で、世の中にはワカメの味噌汁を健康的に飲むためにはどうすればよいかを研究している人がちゃんといて、その解答が松山東雲短期大学紀要に昨年載っていた。松山市周辺の学生の味噌汁の具に使用される食品は、一位がタマネギ、二位が豆腐、三位がワカメであった。細かいデータは省いて結論を言うと、ワカメとともに豆腐を入れると、ナトリウム対カリウム比は五・五八対一となり、ワカメ単独と比べはるかにナトリウム比が縮小する(味噌量一五g/水二〇〇CC)。味噌の量を減らすよりもたくさんの具を入れる方がナトリウム対カリウム比を理想的に導く効果が大きいことも指摘している。

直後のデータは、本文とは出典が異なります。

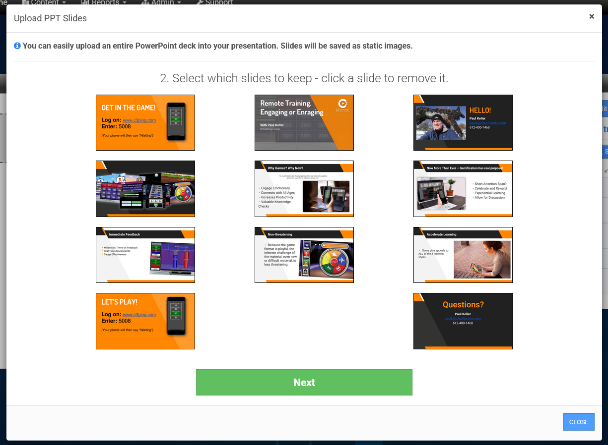 Finally, pick only the slides you need, or bring in the whole show with one click.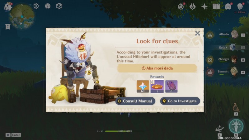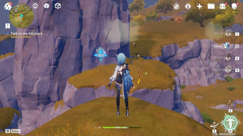 もう 1 人の Hilichurl と会話して、Unusual Hilichurl の位置とタイミングの手がかりを得る時が来ました .マークされた場所に移動し、Hilichurl と話してください。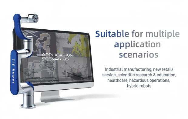 Brazo Robótico Colaborativo de 6 Ejes Serie Ti5 ARM con Caja de Cambios, Control PLC, Radio de Trabajo de 600/900 mm, Colaboración Segura entre Humanos y Robots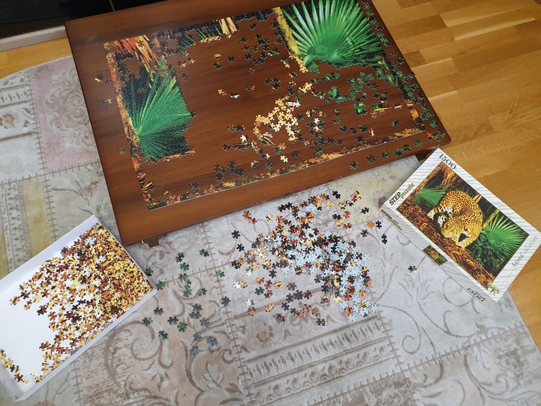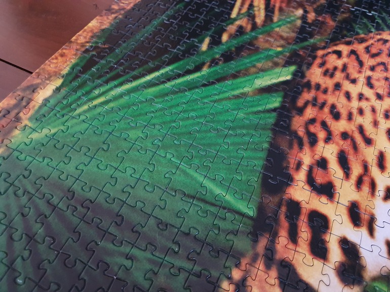 Думала, что самым сложным будет сам леопард, потому что его детали казались совсем одинаковыми, но оказалось наоборот, это было самым легким, так как можно было ориентироваться по рисунку шкуры, пятна оказались совершенно неповторяемыми, отличными от друг друга. А вот над листвой внизу пришлось попыхтеть). Там рисунок расплывчатый, оттенки деталей похожие, собирать было очень трудно.

そういえば、仙台と秋田では同じように味噌汁をよく飲むが、秋田は高血圧の人が多く、仙台には少ないと言われる。その大きな原因として、味噌汁の具が挙げられ、仙台では具沢山の味噌汁を作るが、秋田では具を少ししか入れない。会社の秋田出身の何人かに聞くと、「具が多いと格好悪い」と思っているらしい。いかにも見栄っぱりの多い県民性が出ていて面白いが(秋田の人ごめんなさい。私の印象ではなく「人国記」の記載による)、「いぶりがっこ」(薫製の漬物)を少な目にして、具を多くすることをお勧めする。

ところで、私はと言うと、白子の味噌汁が好きなのだが、「せやから尿酸値高いねん」と妻に言われる。「渡辺淳一も白子が一番とどこかに書いていたが」と言うと、「関係あれへん。これからはワカメやな」と今年も白子の味噌汁は作ってくれそうにない。